— ENTRIES SHOWN —
────────
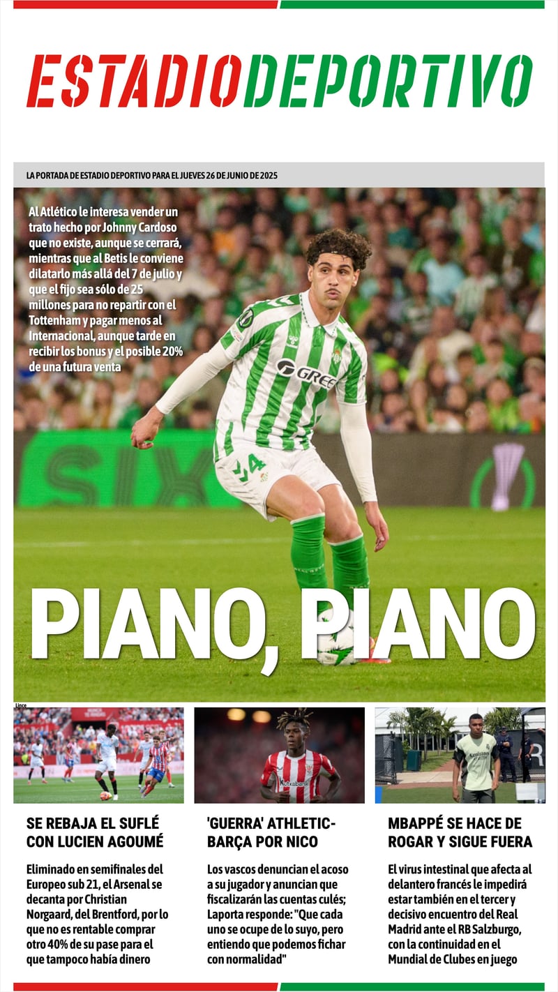 La portada de ESTADIO Deportivo para el jueves 26 de junio de 2025:
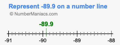 Representing negative 89.9 on the number line is a little more tricky. To locate -89.9, we start from 0 and go 89.9 to the left to locate -89.9 on the number line. Below is an illustration showing you where negative 89.9 is on a number line.
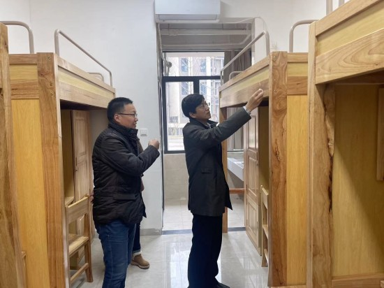 在巡查调研中,查振华听取了紫薇园校区的芙蓉小镇规划情况的介绍,并查看了学生宿舍住宿条件以及热水、洗衣机、空调等附属设施的配备安装及服务人员到位情况。
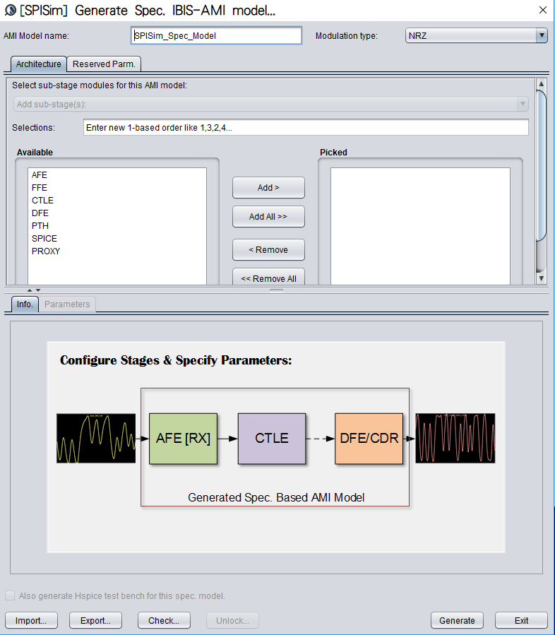It allows user to configure and generate IBIS-AMI model without any coding or compilation. Generated model can be run on 3rd party, commercial tools such as Mentor's HyperLynx, KeySight's ADS, Synopsys's HSpice and Cadence's SystemSI etc.
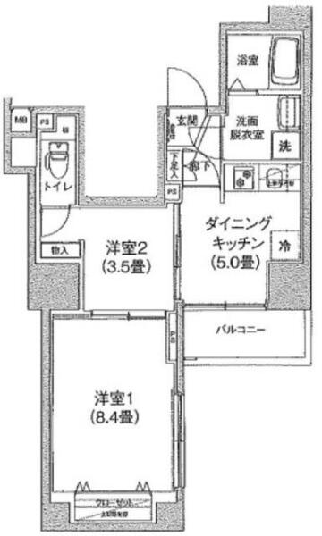 | 間取り | 2DK (DK5帖 , 洋室8.4帖・3.5帖) | ||
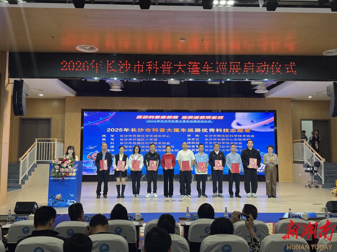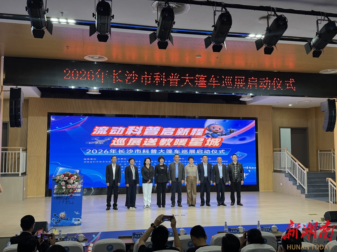 湖南日报·新湖南客户端4月17日讯(记者 唐璐)今天下午,2026年长沙市科普大篷车巡展启动仪式在湖南第一师范学院大泽湖学校举行。本次活动以“流动科普启新程 巡展送教暖星城”为主题,旨在推动优质科普资源下沉基层,服务城乡科普教育均衡发展。
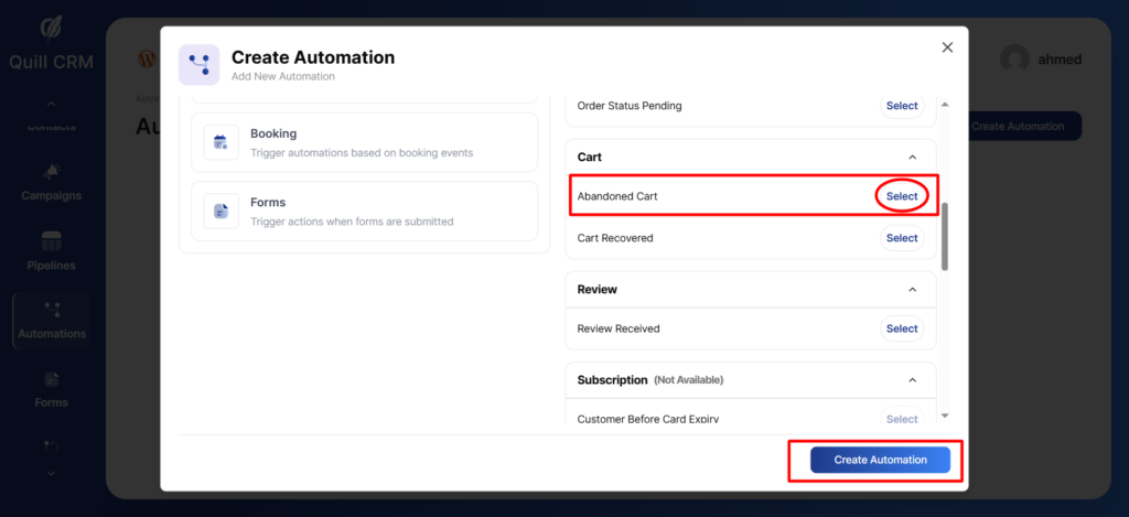 Go to the WooCommerce section and select Abandoned Cart; click on Create Automation.
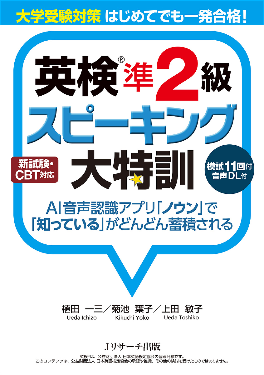 最新傾向に絞り込んで特訓できる本格派・スピーキングテスト(面接)対策。音読練習から短文練習、模試へと段階的にトレーニングできる。例文の丸暗記ではなく、自分の意見を論理的に言う力が身につく。減点されやすい発音・アクセントも音声でしっかりチェックできる。模擬試験11回分収録。AI音声認識アプリ「ノウン」を使って発音判定までカバーできる。
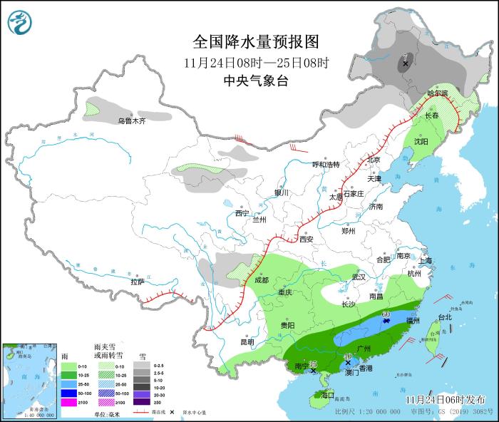 11月24日08時(shí)至25日08時(shí),內(nèi)蒙古東部、東北地區(qū)、新疆沿天山地區(qū)、甘肅河西、川西高原等地部分地區(qū)有小到中雪或雨夾雪,其中,內(nèi)蒙古東北部局地有大雪(5~7毫米)。江南南部、華南大部等地部分地區(qū)有中到大雨,局地暴雨(50~60毫米)。內(nèi)蒙古西部部分地區(qū)有5~7級(jí)風(fēng)(見圖1)。
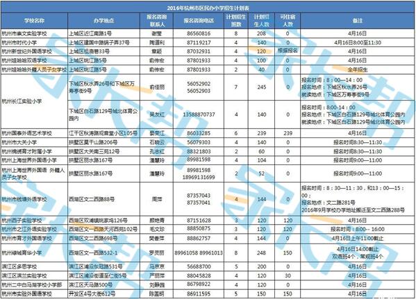2016年杭州市區(qū)民辦小學(xué)招生計(jì)劃表
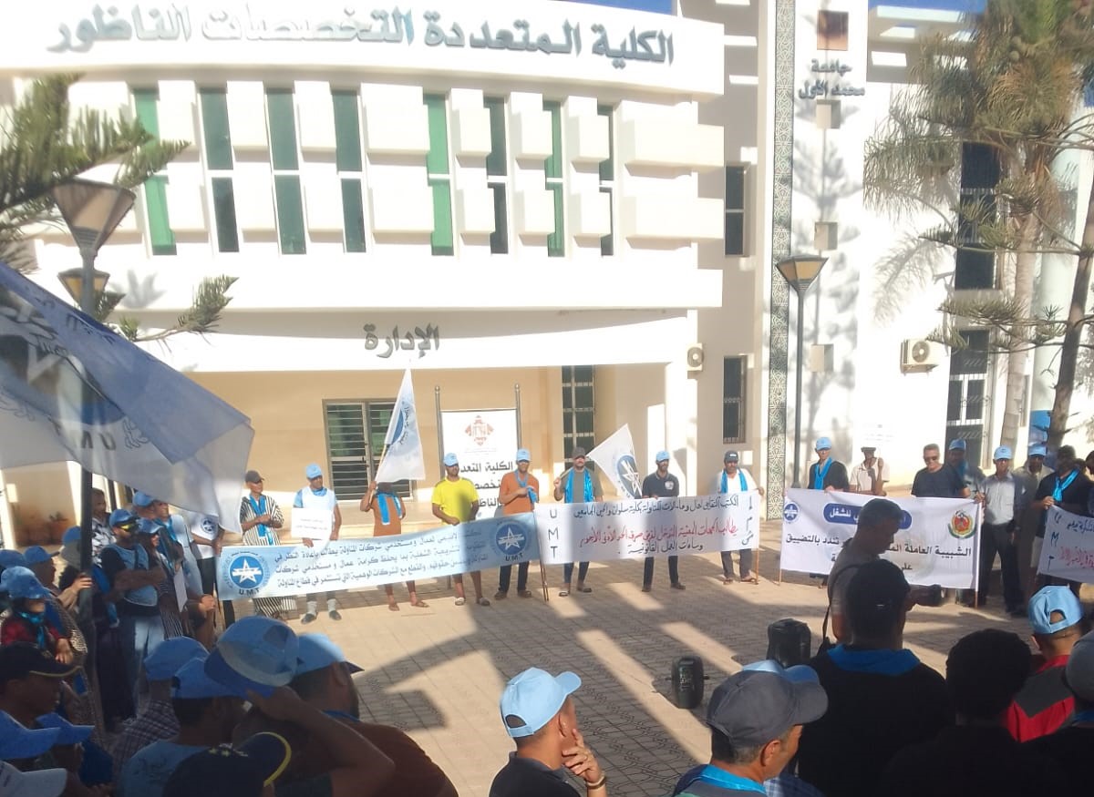 نظم المكتب النقابي لأعوان المناولة بالكلية المتعددة التخصصات سلوان المنضوي تحت لواء الاتحاد المغربي للشغل،مساء يوم الأحد 18 غشت 2024،أمام عمادة الكلية، وقفة احتجاجية تضامنية مع الكاتب العام لأعوان المناولة بذات الكلية، الذي تم توقيف… أعوان المناولة بكلية سلوان يحتجون تضامنا مع كاتبهم العام
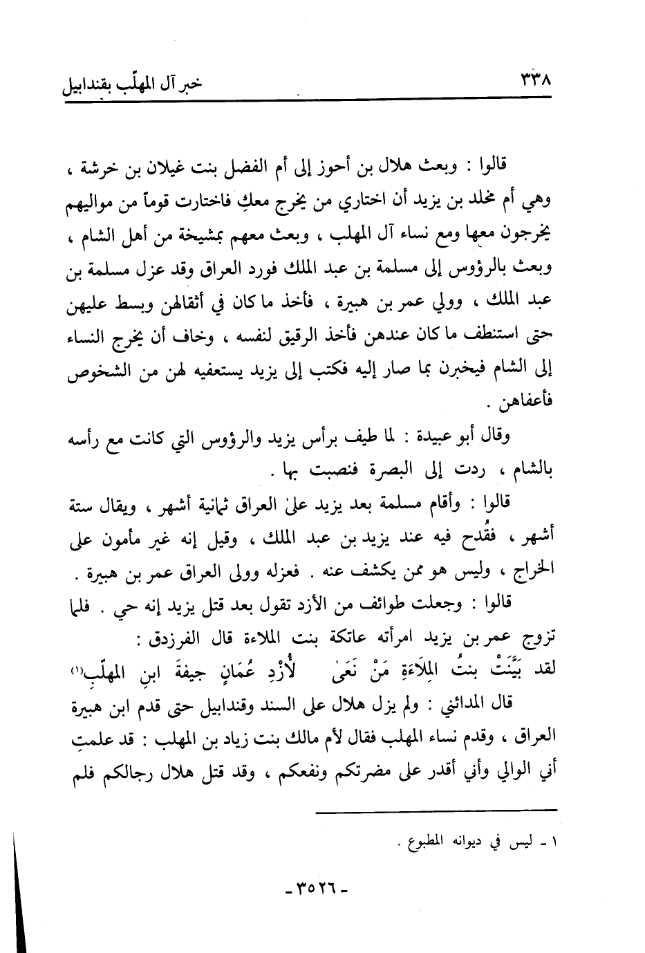 لقد بينت بنت الملاءة من نعى ... لأزد عمان جيفة ابن المهلب [1]
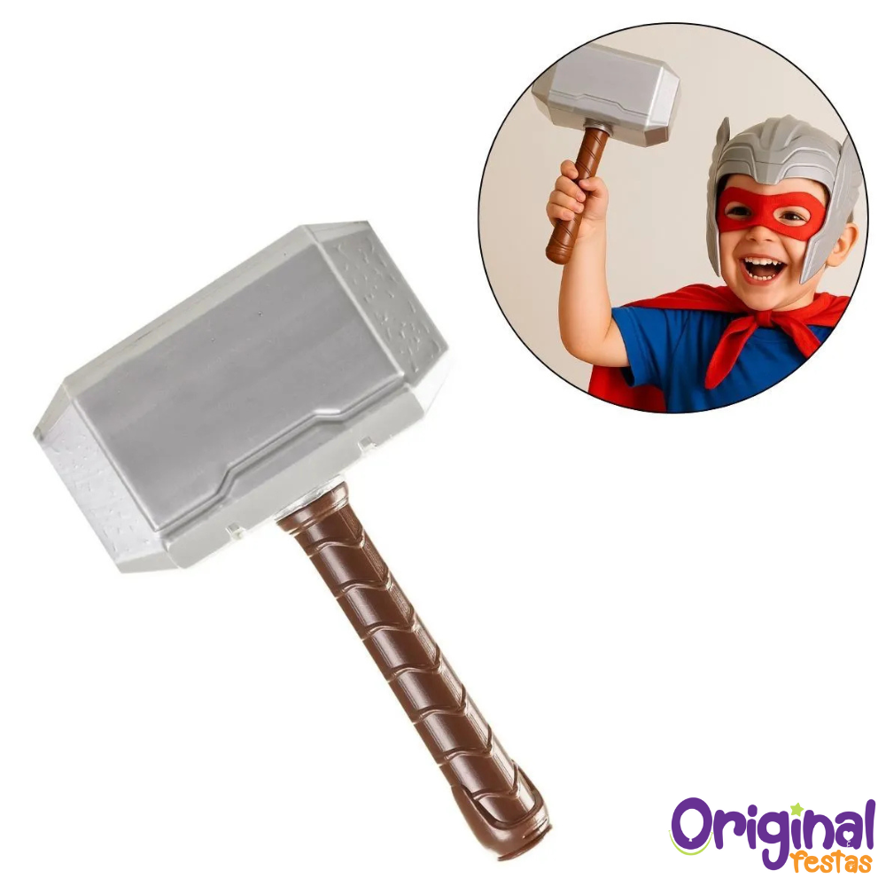 O Martelo Decorativo Thor é o item perfeito para compor decorações de festas temáticas de super-heróis! Inspirado na poderosa arma do deus do trovão, ele traz um visual imponente com acabamento prateado e cabo marrom detalhado. Ideal para complementar mesas principais, painéis e ensaios fotográficos, além de ser uma ótima opção para brincadeiras infantis e fantasias.
────────
— EXERCISE BRIEF —
For each entry above, write it out again exactly but leave out any picture.

— TASK ANSWER —
 La portada de ESTADIO Deportivo para el jueves 26 de junio de 2025:
 Representing negative 89.9 on the number line is a little more tricky. To locate -89.9, we start from 0 and go 89.9 to the left to locate -89.9 on the number line. Below is an illustration showing you where negative 89.9 is on a number line.
 在巡查调研中,查振华听取了紫薇园校区的芙蓉小镇规划情况的介绍,并查看了学生宿舍住宿条件以及热水、洗衣机、空调等附属设施的配备安装及服务人员到位情况。
It allows user to configure and generate IBIS-AMI model without any coding or compilation. Generated model can be run on 3rd party, commercial tools such as Mentor's HyperLynx, KeySight's ADS, Synopsys's HSpice and Cadence's SystemSI etc.
 | 間取り | 2DK (DK5帖 , 洋室8.4帖・3.5帖) | ||
 湖南日报·新湖南客户端4月17日讯(记者 唐璐)今天下午,2026年长沙市科普大篷车巡展启动仪式在湖南第一师范学院大泽湖学校举行。本次活动以“流动科普启新程 巡展送教暖星城”为主题,旨在推动优质科普资源下沉基层,服务城乡科普教育均衡发展。
 Go to the WooCommerce section and select Abandoned Cart; click on Create Automation.
 最新傾向に絞り込んで特訓できる本格派・スピーキングテスト(面接)対策。音読練習から短文練習、模試へと段階的にトレーニングできる。例文の丸暗記ではなく、自分の意見を論理的に言う力が身につく。減点されやすい発音・アクセントも音声でしっかりチェックできる。模擬試験11回分収録。AI音声認識アプリ「ノウン」を使って発音判定までカバーできる。
 11月24日08時(shí)至25日08時(shí),內(nèi)蒙古東部、東北地區(qū)、新疆沿天山地區(qū)、甘肅河西、川西高原等地部分地區(qū)有小到中雪或雨夾雪,其中,內(nèi)蒙古東北部局地有大雪(5~7毫米)。江南南部、華南大部等地部分地區(qū)有中到大雨,局地暴雨(50~60毫米)。內(nèi)蒙古西部部分地區(qū)有5~7級(jí)風(fēng)(見圖1)。
2016年杭州市區(qū)民辦小學(xué)招生計(jì)劃表
 نظم المكتب النقابي لأعوان المناولة بالكلية المتعددة التخصصات سلوان المنضوي تحت لواء الاتحاد المغربي للشغل،مساء يوم الأحد 18 غشت 2024،أمام عمادة الكلية، وقفة احتجاجية تضامنية مع الكاتب العام لأعوان المناولة بذات الكلية، الذي تم توقيف… أعوان المناولة بكلية سلوان يحتجون تضامنا مع كاتبهم العام
 لقد بينت بنت الملاءة من نعى ... لأزد عمان جيفة ابن المهلب [1]
 O Martelo Decorativo Thor é o item perfeito para compor decorações de festas temáticas de super-heróis! Inspirado na poderosa arma do deus do trovão, ele traz um visual imponente com acabamento prateado e cabo marrom detalhado. Ideal para complementar mesas principais, painéis e ensaios fotográficos, além de ser uma ótima opção para brincadeiras infantis e fantasias.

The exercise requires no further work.